Just in time for the Christmas holiday, snowmobile trails are open and ready for thrill-riders to travel through the woods. It's the first time in 45 years Lake Tomahawk's New-Tom Sno Fleas snow mobile club opened trails before January.
"The early season start is very good and we actually have very good trail conditions for early season snow," said New-Tom Sno Fleas President Kevin Krueger.
These trails didn't get this way by themselves, however. Ed Kairis has about 50 years of experience grooming the trails making sure they're smooth and safe for riders.

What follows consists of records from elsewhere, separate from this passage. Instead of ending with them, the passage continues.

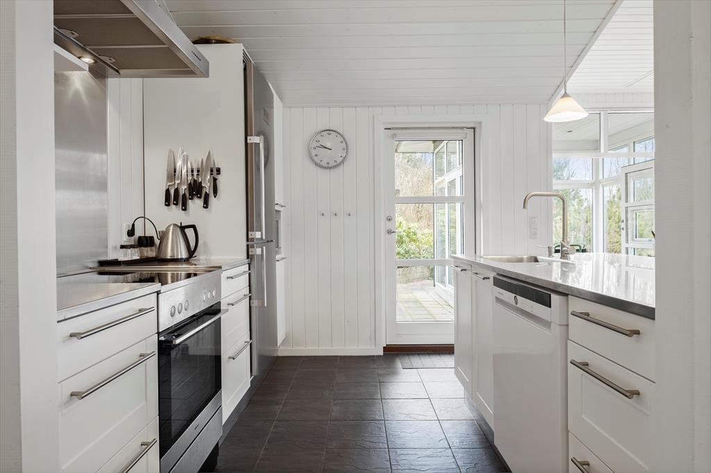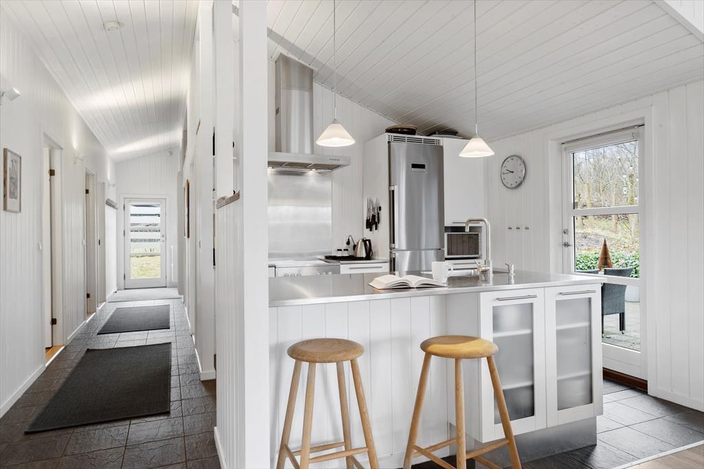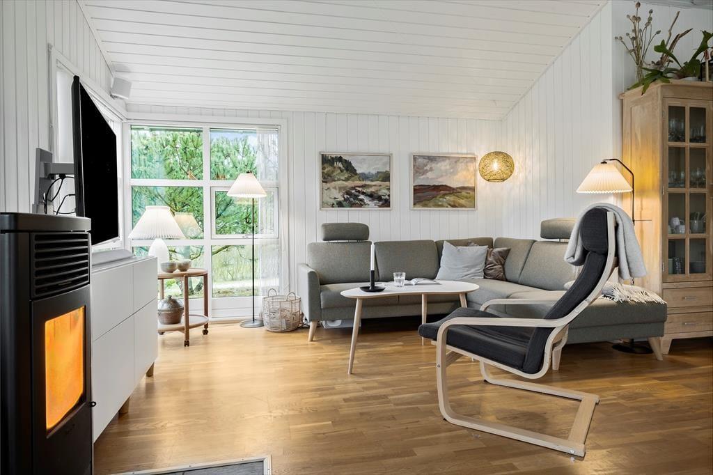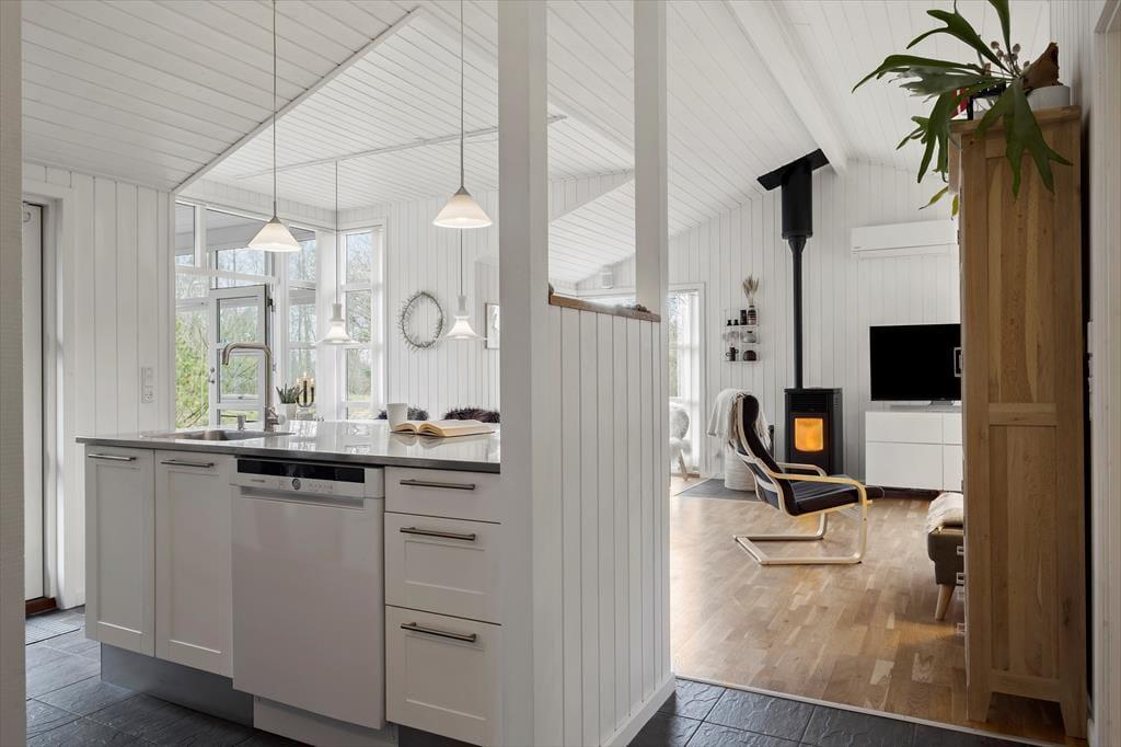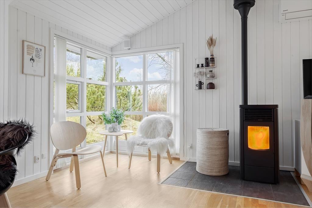 Måske er haven vild og vilter, men der er styr på tingene inden døre. Her venter der dig nemlig en lys og velindrettet feriebolig med pænt møblement og lækre detaljer – inklusiv en brændeovn i stuen såvel som spabad og sauna på det største af de to badeværelser. De fire soveværelser indbyder til både middagslure og en god nattesøvn, men når du vil hygge dig med dine kære, er det sikkert i stuen, at I vil samles for at spille spil, se film sammen eller bare dase side om side. I det flotte køkken kan I sagtens stå flere, hvis madlavningen skal være et fælles projekt, og når det er tid til at dække bord, kan I lige overveje, om måltidet skal indtages ved spisebordet eller ude i den dejlige, lysfyldte udestue.
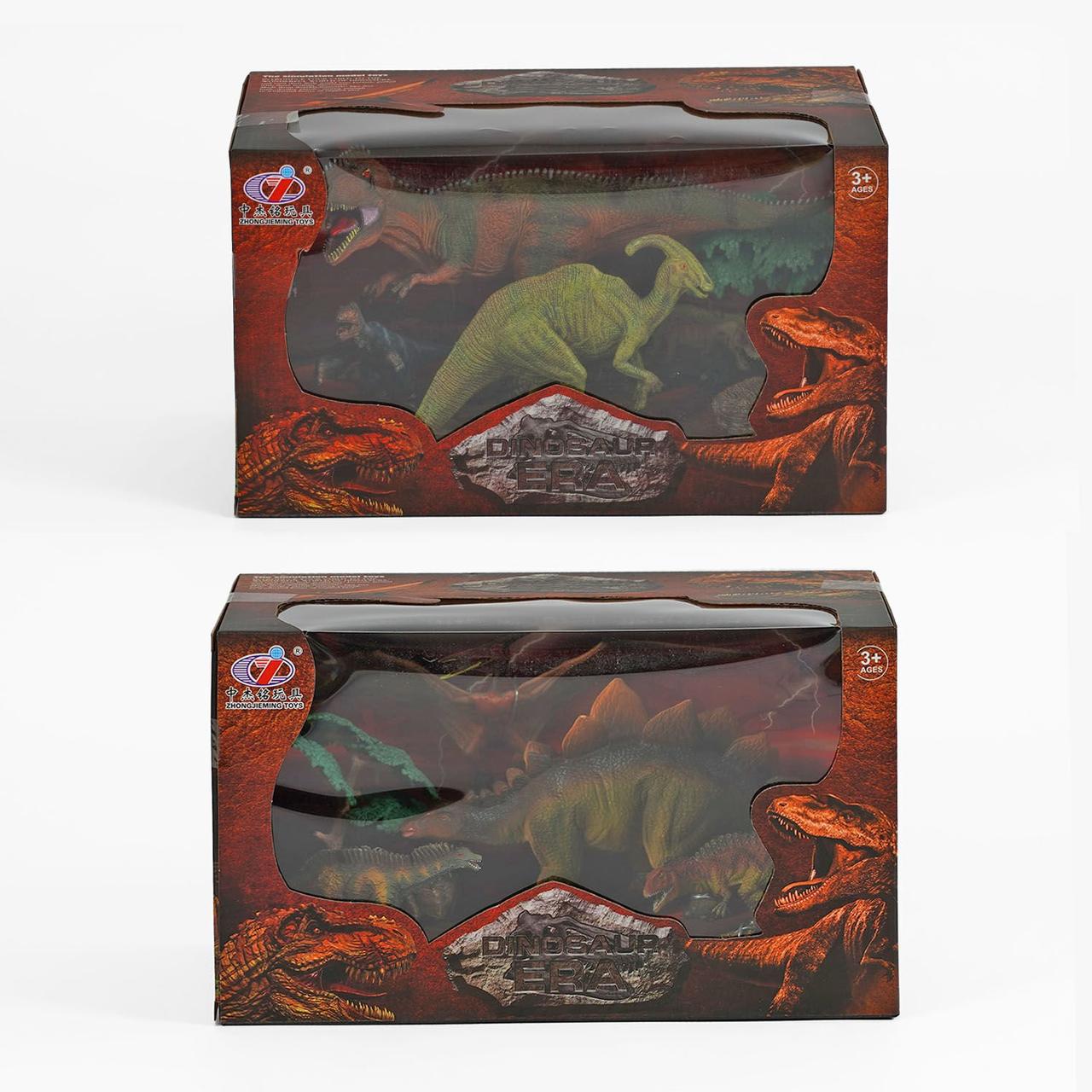 Іграшковий набір фігурок динозаврів дитячий комплект доісторичних тварин 2 види 4 динозавра дерево камінь
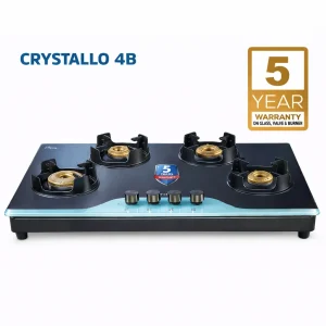 The Kutchina Crystallo 4 Burner Gas Stove comes with 8mm toughened glass, powerful brass burners, auto ignition and a sturdy MS body—ideal for large families and modern kitchens.
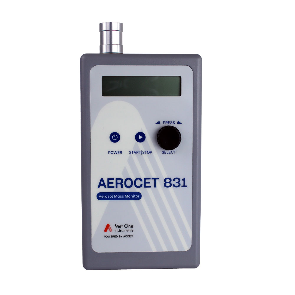 Met One Instruments’ Aerocet 831 is simple to operate with two front-panel buttons used with the multifunction rotary scroll wheel to provide user friendly and efficient operation. Just press and rotate to scroll thru the menu driven platform. With the Aerocet 831 one can view sample history easily on the display or export data via the USB port using the included COMET software. The 831 stores up to 2500 sample events. The USB interface provides quick data downloads and field firmware upgrades. The Aerocet 831 provides up to 24 hours of typical intermittent operation or 8 hours of continuous use. Recharge time is only 2.5 hours. The included AC charger / adapter operates the counter even when the battery pack is discharged.
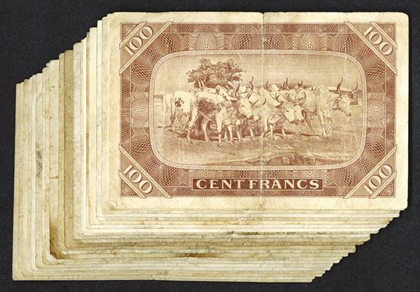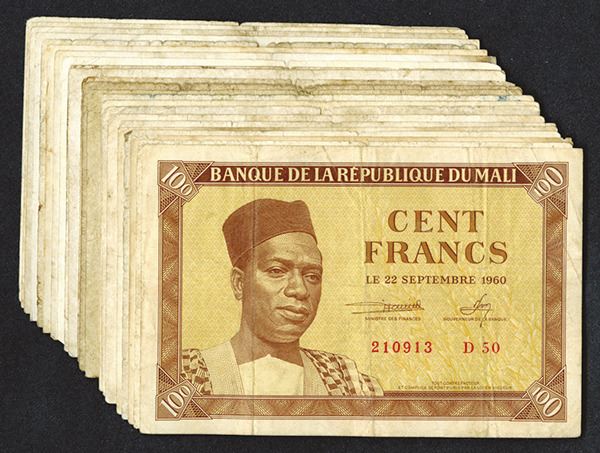 Mali. 100 Francs. Modibo Keita at left, cattle on back. Very Good to Fine or a bit better. 23 pieces.
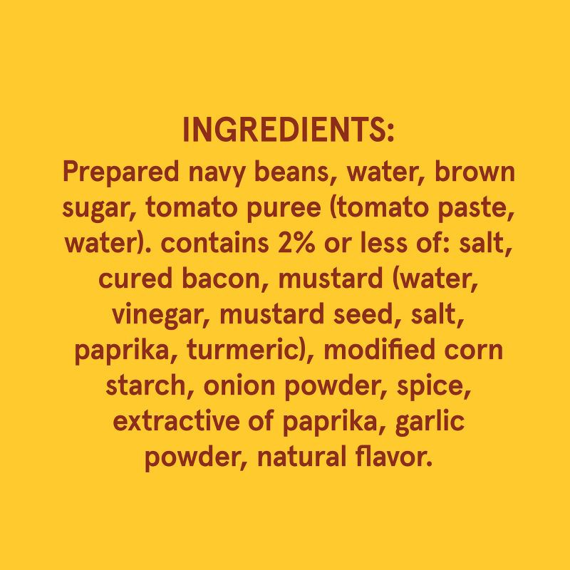 Prepared Navy Beans, Water, Brown Sugar, Tomato Puree (Tomato Paste, Water), Contains 2% or Less of: Cured Bacon, Salt, Mustard (Water, Vinegar, Mustard Seed, Salt, Paprika, Turmeric), Modified Corn S…
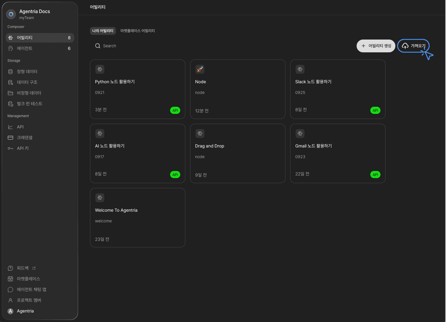 가져오기(Import)버튼을 통해 JSON 파일 형태의 어빌리티를 업로드할 수 있습니다.
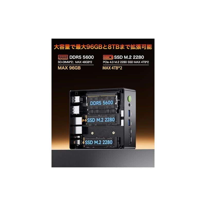 商品名:【超高性能ゲーミング&生産性ミニPC】GMKtec ミニPC |AMD Ryzen7 8845HS+NPU|128GB DDR5+8TB SSD拡張可|Oculink+USB4.0×2搭載 MAX 5.1GHz|Windows11 Pro Mini pc |W
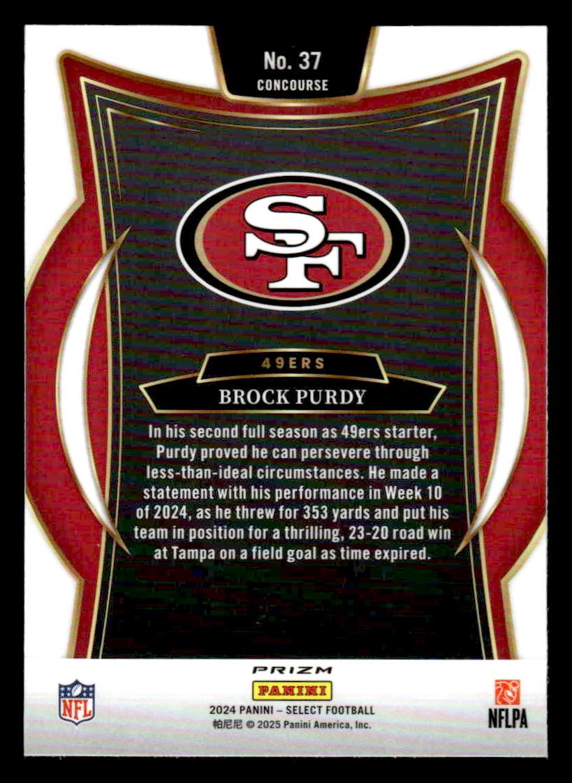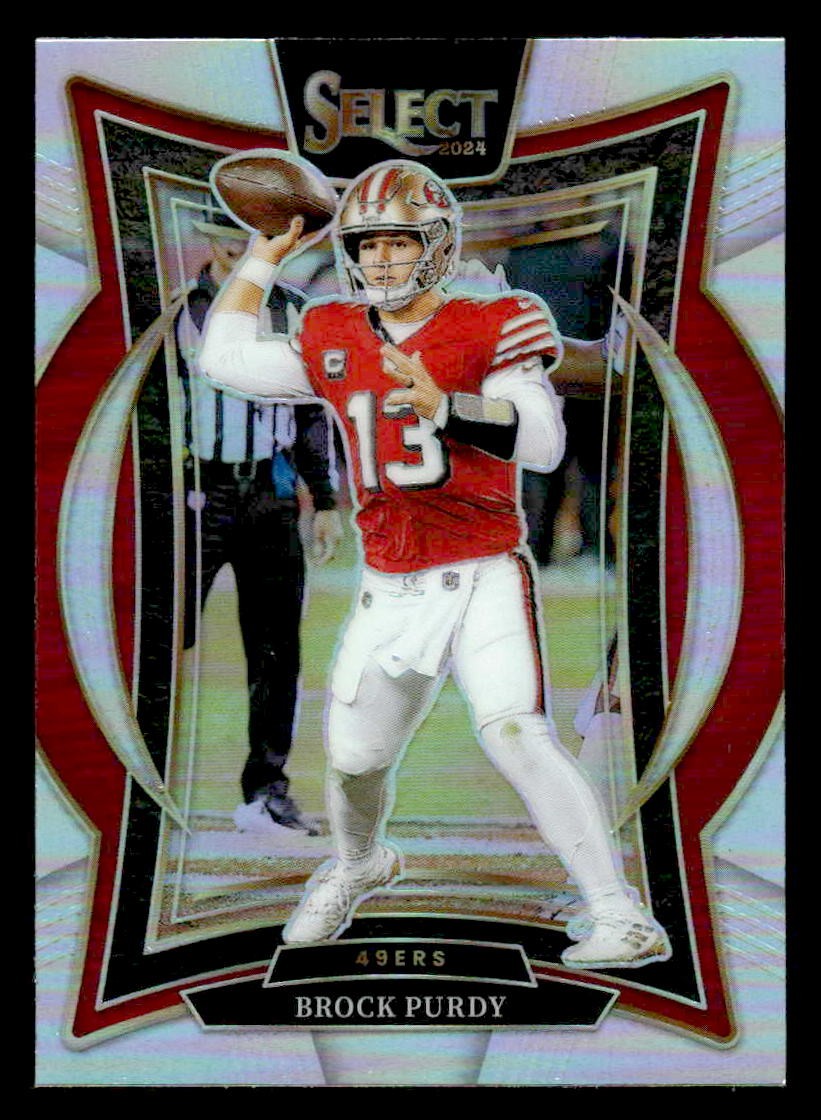 This is a nice example of a 2024 Panini Select #37 Brock Purdy Silver Prizm

"The trail I groom has heavy traffic on it during the day times and early evenings, so I can't start grooming until about 10 o'clock. Then I groom the rest of the night," said Kairis.
There's more to grooming than just maneuvering a ten-foot-wide machine, though.
"You have controls in the cab that controls the drag that your pulling to cut the snow and deposit it in holes," said Kairis. "You constantly watch it, it's not just steering down the trail."
The Sno-Flea club along with the Oneida County Sheriff's Office held their annual snowmobile safety course.
"What I focus on is the stuff that I see go wrong in the field: the complaints, the riding off the trails, the speed violations, the alcohol, and the crashes," said Oneida County Recreational Officer, Brad Fogarty.
Students in the class also got to learn that there's more to snowmobiling than just riding the sled.
"It takes a lot of steps and these Sno Flea guys do a lot of stuff to make the trails so nice and smooth," said Carleene Morien, a snowmobile safety student.
Kairis said, "we do everything for safety and we work on them 12-months a year. Everything we do on a trail, whether it's grating, bulldozing, taking trees down, taking rocks out, and grooming is all volunteer. We don't get anything for doing that, other than a 'hi' from a snowmobiler."
The Sno Fleas ask riders to respect groomers, stay on the trails, and be safe while riding.